Doug Jones

Doug Jones

Age: 29
Residence: North Asheville
Occupation: public-school teacher
Education: B.A. history, UNCA; M.S. Scottish history, Univ. of Edinburgh; M.A. constitutional studies, ASU
Party: Democrat
Political experience: activist and campaign volunteer in Buncombe County off and on since 1996; Democratic precinct officer and chairman since 2002; chairman, Buncombe County Young Democrats, 2002-05; Democratic nominee for N.C. House, 2004 and 2006

1. What was the best piece of legislation the General Assembly passed last session? Why?

The budget. Among other timely investments, it included long-overdue pay raises for our public-school teachers and other state employees. In order to attract and retain the best quality teachers for our public-school classrooms, these types of investments are absolutely essential.

2. What was the worst piece of legislation? Why?

The lottery. I have always been skeptical, but I was truly dismayed to see its implementation. While it does provide some new revenue for the schools, these dollars too often supplant current state or local spending and are not shared fairly across the state.

3. What would be your top three legislative priorities?

• Guaranteed access to affordable health-care coverage for all North Carolinians

• Property-tax reform for high-growth counties

• Do-not-call reform (my plan would ad political robo-calls to the class of telemarketing calls currently prohibited under N.C.’s do-not-call statute

4. Should our local legislative delegation have sponsored Sullivan Acts II and III in 2005? Why?

This step was taken as a last resort to protect county customers when it appeared that an agreement between the city and county could not be reached.
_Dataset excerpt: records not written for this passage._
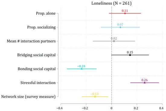 In contrast, qualitative dimensions of social interaction showed significant associations. Lower levels of bonding social capital (β = −0.24, p < 0.001) and higher levels of stressful interactions (β = 0.26, p < 0.001) were both linked to greater loneliness. However, no significant association was observed for bridging social capital (β = 0.15, p > 0.05). Table S1 in the Supplemental Materials provides the full details of the models depicted in Figure 1.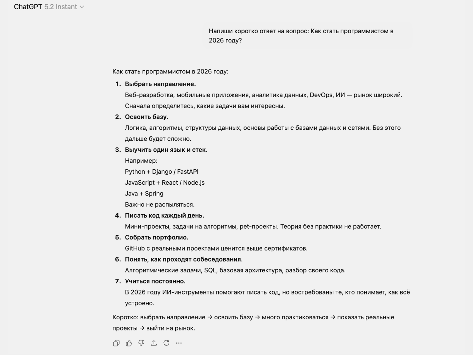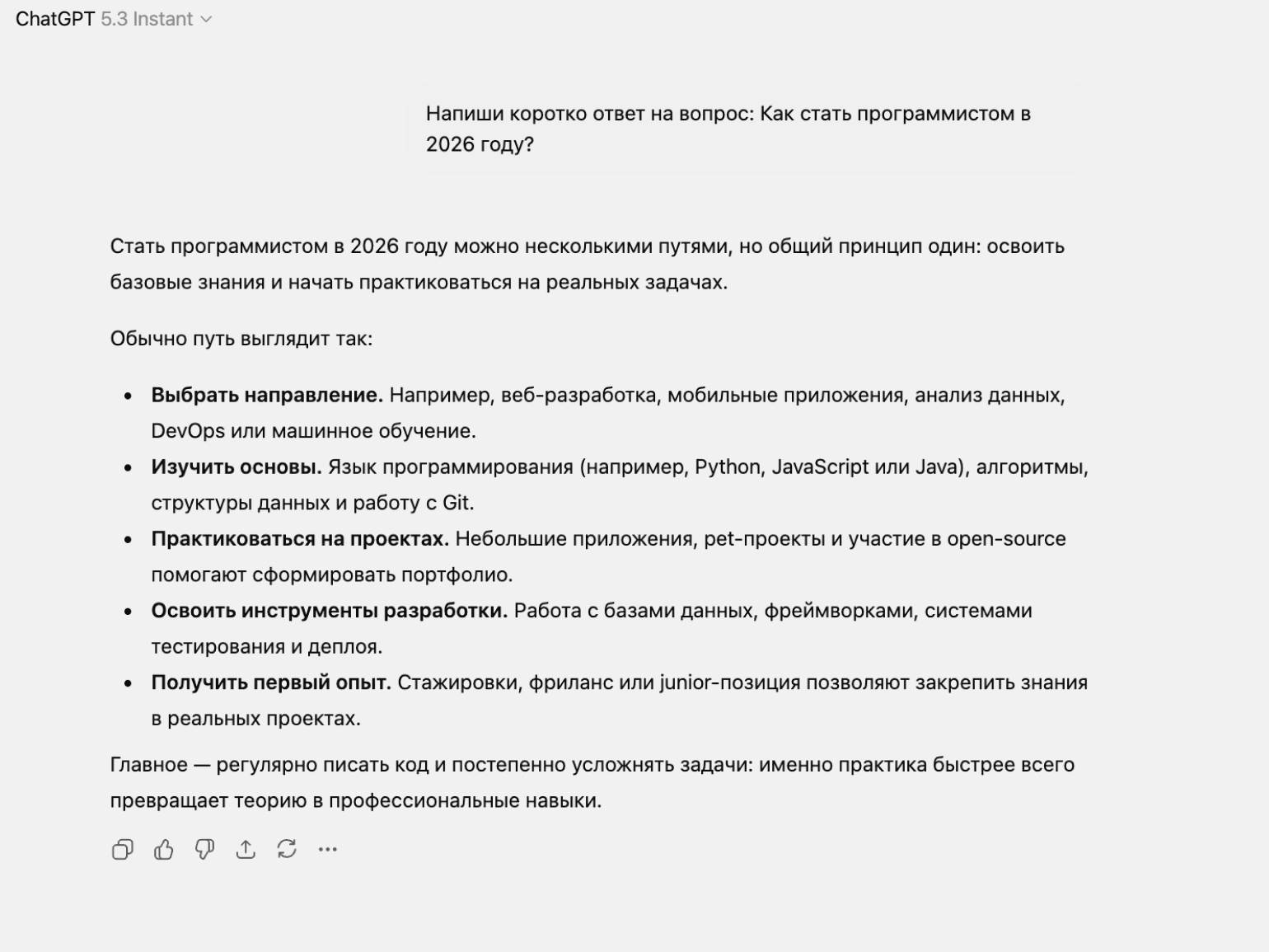 Попробуем сравнить ответы GPT-5.3 Instant и предыдущей модели на один и тот же вопрос. Для этого используем промпт: «Напиши коротко ответ на вопрос: Как стать программистом в 2026 году?»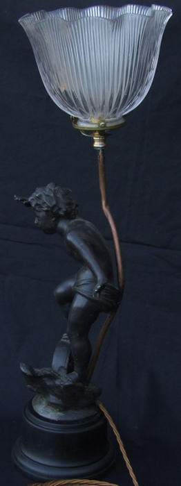 Spelter Cherub table lamp with indistinct signature. This attractive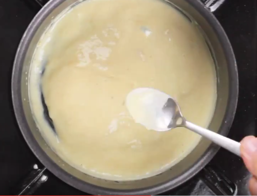 鍋に豆乳を入れて沸騰直前でAを入れ、よく混ざったら、水溶き片栗粉を入れとろみをつける。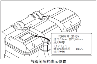 (b) 氣閥間隙的標準值指示在No.1 氣缸的搖臂罩的銘牌上。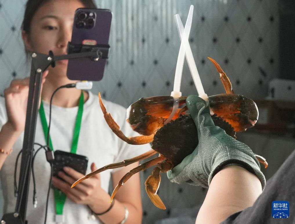 9月16日,在浙江省三門縣浦壩港鎮(zhèn)浙江百鮮農(nóng)業(yè)發(fā)展有限公司,主播在直播推介三門青蟹。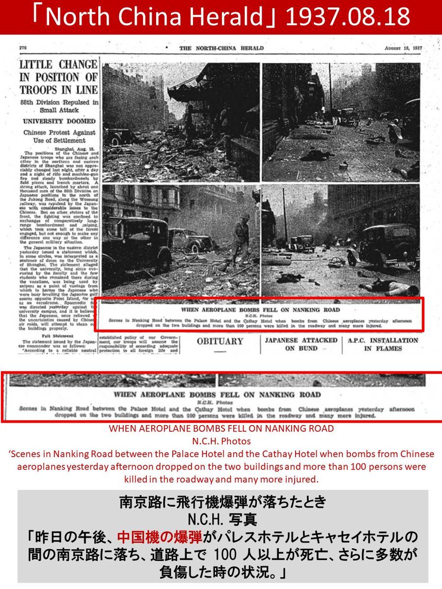 以上のことから、写真は1937年8月14日中国軍機による南京路誤爆事件時の写真と判断する。 ✅「North China Herald」1937.08.18 「昨日の午後、中国機の爆弾がパレスホテルとキャセイホテルの間の南京路に落ち、道路上で 100 人以上が死亡、さらに多数が負傷した時の状況」 archive.org/details/north-… pic.x.com/vST7hfPelW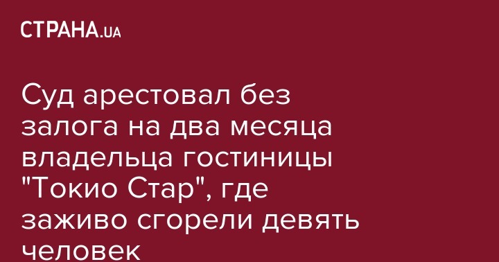 18 августа полицейские задержали владельца гостиницы "Токио Стар" Черного. Он уведомлен о подозрении по ч.2 ст.270 (нарушение установленных законодательством требований пожарной безопасности, повлекшее возникновение пожара, повлекшего гибель людей, имущественный ущерб в особо крупном размере или иные тяжкие последствия) УК Украины.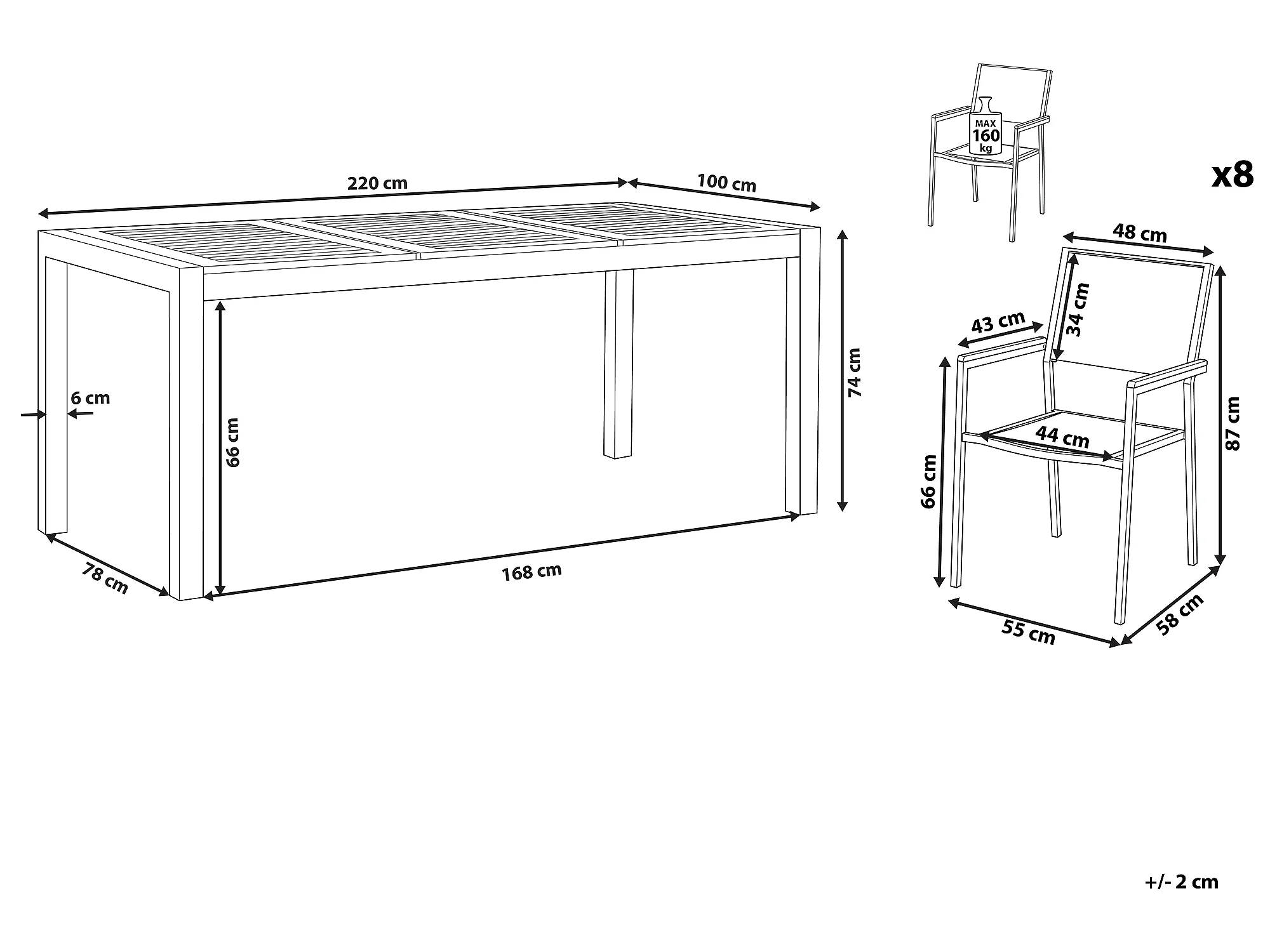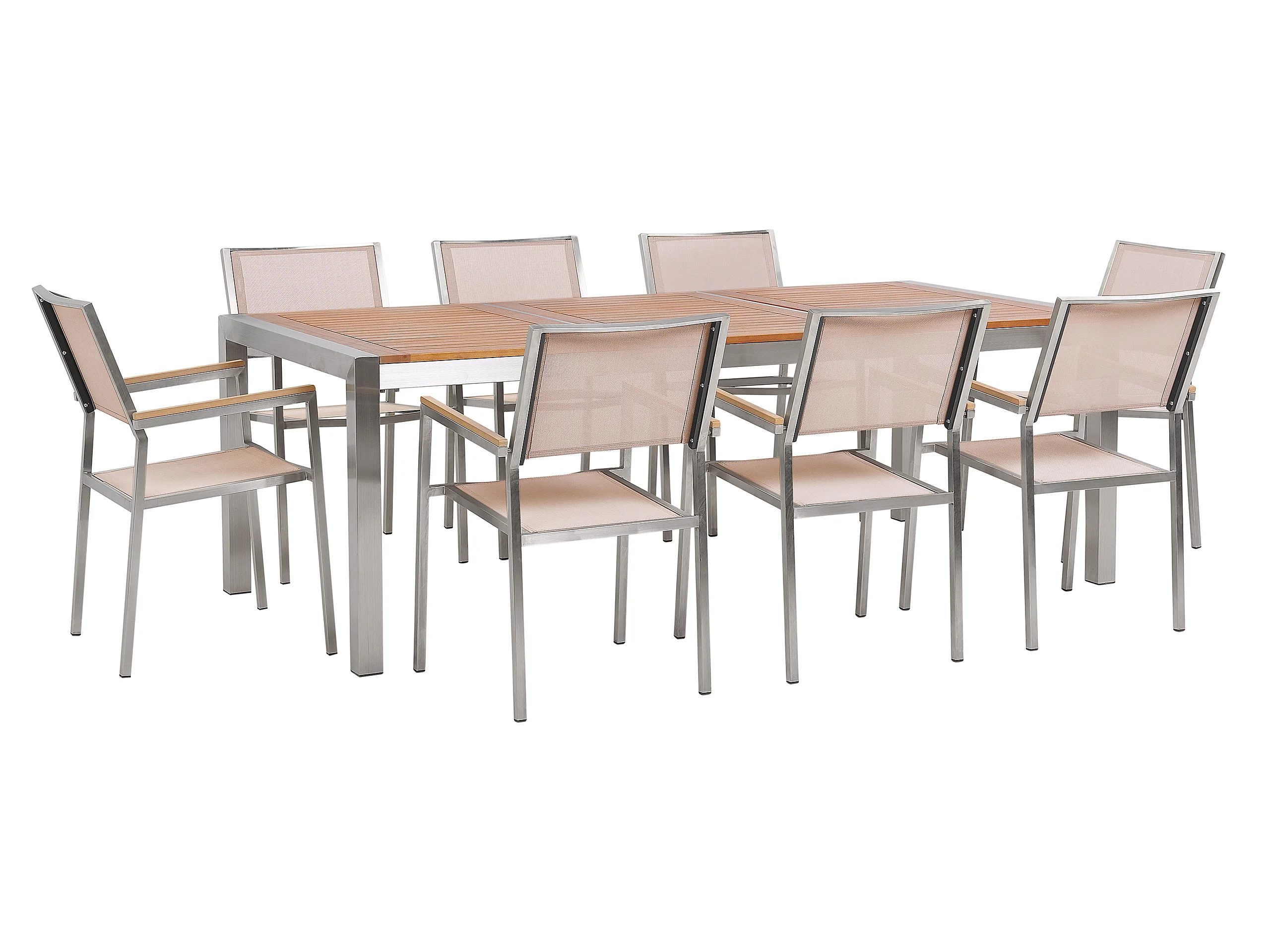 Salon de jardin : 6 fauteuils en métal + 1 table à manger en bois d'acacia + 6 coussins d'assise - Beige

I see these as temporary measures until a new, more equitable agreement that ensures fairness for city and county customers can be reached.

5. What’s your stance on capital punishment?

While I am not philosophically opposed to capital punishment, I do support a limited death-penalty moratorium, during which time our judicial processes and their outcomes in capital cases should be closely reviewed.

6. What most distinguishes you from your opponent?

I am the father of a real, working family who can relate to the concerns of real people. I am a teacher who understands the challenges our students face. I will be a member of the majority … and have specific proposals for improving the lives of our people.

7. What reforms are most needed in state politics?

I would like to see some genuine redistricting reform, additional work on real ethics reforms, and campaign-finance reforms that would help the people of our state to reassert their control over our state government.

8. What’s your position on the proposed passenger-rail service between Raleigh and Western North Carolina?

I am all for it.

9. Would you support state funding for renovating or rebuilding the Asheville Civic Center? Why or why not?

Of course. I think the state has a definite interest in partnering with the city and county in this and many other endeavors. Cooperation of this kind can and will open all kinds of doors to innovative economic development in Asheville.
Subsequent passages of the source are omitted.